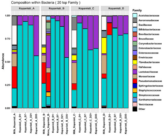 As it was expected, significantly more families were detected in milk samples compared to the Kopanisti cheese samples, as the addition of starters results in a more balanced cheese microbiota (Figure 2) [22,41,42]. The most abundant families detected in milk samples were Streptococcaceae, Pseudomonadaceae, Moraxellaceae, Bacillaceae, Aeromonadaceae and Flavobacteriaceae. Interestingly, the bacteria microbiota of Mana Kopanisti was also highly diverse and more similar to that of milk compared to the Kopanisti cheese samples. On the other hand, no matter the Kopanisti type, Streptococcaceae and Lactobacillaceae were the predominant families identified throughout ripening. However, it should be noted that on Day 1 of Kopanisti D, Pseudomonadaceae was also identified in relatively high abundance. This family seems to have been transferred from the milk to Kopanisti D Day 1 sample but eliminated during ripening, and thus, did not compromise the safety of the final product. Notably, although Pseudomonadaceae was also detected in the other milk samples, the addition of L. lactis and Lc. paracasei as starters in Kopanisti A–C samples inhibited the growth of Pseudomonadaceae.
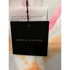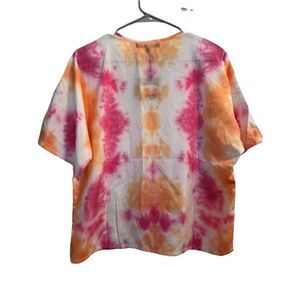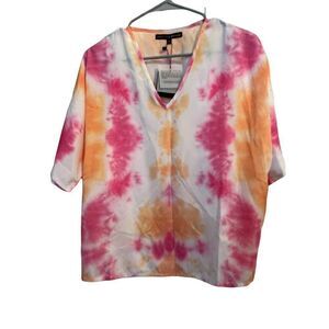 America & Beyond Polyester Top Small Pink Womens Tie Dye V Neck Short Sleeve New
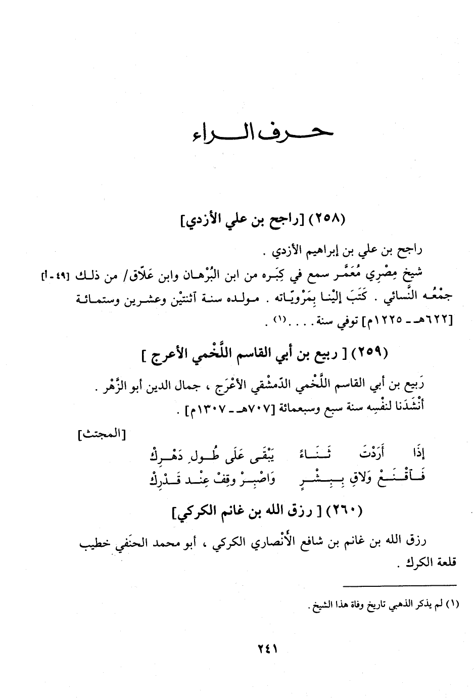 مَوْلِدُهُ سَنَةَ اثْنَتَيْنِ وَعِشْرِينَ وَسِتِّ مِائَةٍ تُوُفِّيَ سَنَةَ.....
━━━━
■ What is expected
Word for word, reproduce each line from the one with "America & Beyond" through the last line of the material above, both included, and drop the pictures.

■ Final answer
 America & Beyond Polyester Top Small Pink Womens Tie Dye V Neck Short Sleeve New
 مَوْلِدُهُ سَنَةَ اثْنَتَيْنِ وَعِشْرِينَ وَسِتِّ مِائَةٍ تُوُفِّيَ سَنَةَ.....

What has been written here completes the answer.